Return exactly the lines below, starting with the one that has "Every experiment with" and going on through the one that has "零食这一领域也流行着这一理念,包括Funley公司的All Natural Super".

[Stored data]
[Start of Attachment]
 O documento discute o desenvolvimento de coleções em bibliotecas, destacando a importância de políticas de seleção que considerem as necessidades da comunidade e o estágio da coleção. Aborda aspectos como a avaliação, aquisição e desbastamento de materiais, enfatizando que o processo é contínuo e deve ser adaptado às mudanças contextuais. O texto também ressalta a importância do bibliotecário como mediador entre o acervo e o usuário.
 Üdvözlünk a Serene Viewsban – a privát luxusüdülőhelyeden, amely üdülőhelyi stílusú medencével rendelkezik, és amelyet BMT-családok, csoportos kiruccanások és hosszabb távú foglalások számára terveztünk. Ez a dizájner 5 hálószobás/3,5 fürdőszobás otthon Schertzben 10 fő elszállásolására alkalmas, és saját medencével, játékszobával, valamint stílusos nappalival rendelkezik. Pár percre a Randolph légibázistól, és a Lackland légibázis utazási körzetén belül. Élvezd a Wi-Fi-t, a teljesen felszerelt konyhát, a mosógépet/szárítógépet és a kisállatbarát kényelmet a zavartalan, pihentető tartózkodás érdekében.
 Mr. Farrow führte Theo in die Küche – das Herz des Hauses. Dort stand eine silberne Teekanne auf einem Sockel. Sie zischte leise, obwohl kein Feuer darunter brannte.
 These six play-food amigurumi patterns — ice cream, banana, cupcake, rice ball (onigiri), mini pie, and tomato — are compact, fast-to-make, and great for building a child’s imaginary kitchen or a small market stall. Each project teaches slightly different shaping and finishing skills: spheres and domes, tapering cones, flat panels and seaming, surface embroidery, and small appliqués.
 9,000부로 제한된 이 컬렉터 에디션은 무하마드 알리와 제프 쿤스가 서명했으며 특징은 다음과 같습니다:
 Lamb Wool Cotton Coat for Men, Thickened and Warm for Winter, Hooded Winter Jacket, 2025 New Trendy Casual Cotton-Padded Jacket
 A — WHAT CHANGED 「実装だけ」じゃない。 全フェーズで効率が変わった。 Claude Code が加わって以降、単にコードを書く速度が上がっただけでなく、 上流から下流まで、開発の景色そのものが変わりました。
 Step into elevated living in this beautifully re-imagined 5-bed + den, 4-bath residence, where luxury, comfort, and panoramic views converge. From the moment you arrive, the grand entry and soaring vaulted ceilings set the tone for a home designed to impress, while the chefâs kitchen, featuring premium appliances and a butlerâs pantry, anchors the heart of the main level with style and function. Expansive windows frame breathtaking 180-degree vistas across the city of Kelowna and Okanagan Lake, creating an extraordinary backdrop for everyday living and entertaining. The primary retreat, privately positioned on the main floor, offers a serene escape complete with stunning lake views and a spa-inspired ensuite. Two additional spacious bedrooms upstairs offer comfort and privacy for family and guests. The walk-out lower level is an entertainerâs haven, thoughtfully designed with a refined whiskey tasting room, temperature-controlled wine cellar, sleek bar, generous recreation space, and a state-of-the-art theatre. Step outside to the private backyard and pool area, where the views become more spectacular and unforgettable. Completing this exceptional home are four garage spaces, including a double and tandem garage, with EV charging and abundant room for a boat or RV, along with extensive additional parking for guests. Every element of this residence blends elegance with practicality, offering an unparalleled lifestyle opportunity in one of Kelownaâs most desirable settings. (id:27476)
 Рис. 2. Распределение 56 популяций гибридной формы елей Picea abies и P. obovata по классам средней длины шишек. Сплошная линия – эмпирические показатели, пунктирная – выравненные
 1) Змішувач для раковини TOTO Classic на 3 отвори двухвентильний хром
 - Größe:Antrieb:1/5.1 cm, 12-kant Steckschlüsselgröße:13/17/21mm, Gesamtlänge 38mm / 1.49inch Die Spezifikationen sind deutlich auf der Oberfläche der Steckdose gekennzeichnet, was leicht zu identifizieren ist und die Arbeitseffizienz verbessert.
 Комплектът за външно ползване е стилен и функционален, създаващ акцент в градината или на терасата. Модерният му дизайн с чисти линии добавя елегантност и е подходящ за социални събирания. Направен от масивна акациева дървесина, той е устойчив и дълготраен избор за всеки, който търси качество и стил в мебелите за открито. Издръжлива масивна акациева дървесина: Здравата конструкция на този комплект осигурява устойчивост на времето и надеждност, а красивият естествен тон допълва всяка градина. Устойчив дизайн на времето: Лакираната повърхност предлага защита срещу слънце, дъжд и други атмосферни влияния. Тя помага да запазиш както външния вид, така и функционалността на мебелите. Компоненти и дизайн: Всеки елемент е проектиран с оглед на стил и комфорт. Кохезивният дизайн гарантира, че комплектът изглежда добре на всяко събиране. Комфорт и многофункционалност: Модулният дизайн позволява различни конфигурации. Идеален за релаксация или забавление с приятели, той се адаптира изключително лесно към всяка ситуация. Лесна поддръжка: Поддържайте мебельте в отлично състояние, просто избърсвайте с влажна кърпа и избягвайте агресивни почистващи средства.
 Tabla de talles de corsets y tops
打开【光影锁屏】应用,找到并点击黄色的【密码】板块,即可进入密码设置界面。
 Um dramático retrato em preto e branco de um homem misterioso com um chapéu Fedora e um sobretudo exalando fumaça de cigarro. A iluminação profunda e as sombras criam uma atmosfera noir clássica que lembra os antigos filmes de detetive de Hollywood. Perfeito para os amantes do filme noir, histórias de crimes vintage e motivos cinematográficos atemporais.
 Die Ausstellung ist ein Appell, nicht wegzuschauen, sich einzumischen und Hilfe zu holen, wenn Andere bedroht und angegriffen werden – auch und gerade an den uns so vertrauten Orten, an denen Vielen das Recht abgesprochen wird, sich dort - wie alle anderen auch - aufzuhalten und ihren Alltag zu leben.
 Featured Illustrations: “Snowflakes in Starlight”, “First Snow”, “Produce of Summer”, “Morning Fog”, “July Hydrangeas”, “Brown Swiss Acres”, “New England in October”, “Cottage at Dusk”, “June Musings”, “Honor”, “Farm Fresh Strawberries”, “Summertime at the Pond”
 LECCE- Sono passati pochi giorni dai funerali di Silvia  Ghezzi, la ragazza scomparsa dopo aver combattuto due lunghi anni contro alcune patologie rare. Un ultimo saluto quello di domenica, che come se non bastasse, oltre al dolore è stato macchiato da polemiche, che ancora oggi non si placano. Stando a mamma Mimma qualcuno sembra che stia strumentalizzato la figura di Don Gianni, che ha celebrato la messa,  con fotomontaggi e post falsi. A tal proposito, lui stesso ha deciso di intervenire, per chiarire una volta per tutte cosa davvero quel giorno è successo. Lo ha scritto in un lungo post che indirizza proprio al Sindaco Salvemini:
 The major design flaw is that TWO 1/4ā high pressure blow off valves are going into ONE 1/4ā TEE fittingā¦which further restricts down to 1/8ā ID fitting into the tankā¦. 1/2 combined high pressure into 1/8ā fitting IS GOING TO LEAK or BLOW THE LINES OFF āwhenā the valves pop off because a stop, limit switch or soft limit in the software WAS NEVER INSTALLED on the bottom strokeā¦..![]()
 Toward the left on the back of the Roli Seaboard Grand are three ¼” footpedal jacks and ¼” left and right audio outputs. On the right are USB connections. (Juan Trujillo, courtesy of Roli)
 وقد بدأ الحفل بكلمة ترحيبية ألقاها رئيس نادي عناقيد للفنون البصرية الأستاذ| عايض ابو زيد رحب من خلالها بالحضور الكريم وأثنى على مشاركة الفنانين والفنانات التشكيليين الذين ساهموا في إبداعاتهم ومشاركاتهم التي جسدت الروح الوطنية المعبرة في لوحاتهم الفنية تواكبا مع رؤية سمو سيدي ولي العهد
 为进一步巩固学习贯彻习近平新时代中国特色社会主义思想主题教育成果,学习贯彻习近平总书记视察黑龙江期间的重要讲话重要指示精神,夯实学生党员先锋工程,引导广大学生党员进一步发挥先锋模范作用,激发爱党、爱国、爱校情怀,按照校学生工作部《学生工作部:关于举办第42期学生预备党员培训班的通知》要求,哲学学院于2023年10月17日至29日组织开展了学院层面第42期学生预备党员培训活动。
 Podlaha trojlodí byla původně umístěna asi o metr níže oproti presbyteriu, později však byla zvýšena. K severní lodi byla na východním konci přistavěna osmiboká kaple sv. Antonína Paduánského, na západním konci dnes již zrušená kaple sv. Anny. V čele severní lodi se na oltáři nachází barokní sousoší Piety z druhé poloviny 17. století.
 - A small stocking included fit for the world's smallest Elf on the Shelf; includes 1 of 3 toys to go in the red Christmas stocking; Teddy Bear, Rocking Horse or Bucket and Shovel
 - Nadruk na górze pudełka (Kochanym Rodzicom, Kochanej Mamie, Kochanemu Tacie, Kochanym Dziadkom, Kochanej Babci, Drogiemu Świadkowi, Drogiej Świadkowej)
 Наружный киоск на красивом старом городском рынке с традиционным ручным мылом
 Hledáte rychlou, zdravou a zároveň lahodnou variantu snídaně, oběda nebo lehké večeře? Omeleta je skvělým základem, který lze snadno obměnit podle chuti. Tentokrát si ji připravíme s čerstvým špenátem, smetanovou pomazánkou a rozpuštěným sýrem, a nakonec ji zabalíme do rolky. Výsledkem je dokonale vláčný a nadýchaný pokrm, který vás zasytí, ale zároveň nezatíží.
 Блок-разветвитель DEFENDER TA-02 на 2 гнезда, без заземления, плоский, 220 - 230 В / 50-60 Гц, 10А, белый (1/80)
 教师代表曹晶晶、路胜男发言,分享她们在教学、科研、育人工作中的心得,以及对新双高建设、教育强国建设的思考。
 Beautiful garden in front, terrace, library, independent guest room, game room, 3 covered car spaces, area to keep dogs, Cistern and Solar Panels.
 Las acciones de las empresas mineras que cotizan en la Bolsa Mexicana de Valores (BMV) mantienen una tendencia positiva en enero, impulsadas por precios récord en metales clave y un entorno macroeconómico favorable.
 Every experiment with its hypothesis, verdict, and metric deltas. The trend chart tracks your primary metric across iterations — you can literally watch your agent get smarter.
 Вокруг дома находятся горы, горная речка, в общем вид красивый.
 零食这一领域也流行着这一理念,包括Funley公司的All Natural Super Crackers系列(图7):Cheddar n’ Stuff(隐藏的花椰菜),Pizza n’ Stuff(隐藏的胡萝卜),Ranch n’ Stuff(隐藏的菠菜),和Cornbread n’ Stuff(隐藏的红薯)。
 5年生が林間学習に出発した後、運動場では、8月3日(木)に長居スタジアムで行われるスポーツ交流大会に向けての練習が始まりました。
[End of Attachment]
Exercise output:
 Every experiment with its hypothesis, verdict, and metric deltas. The trend chart tracks your primary metric across iterations — you can literally watch your agent get smarter.
 Вокруг дома находятся горы, горная речка, в общем вид красивый.
 零食这一领域也流行着这一理念,包括Funley公司的All Natural Super Crackers系列(图7):Cheddar n’ Stuff(隐藏的花椰菜),Pizza n’ Stuff(隐藏的胡萝卜),Ranch n’ Stuff(隐藏的菠菜),和Cornbread n’ Stuff(隐藏的红薯)。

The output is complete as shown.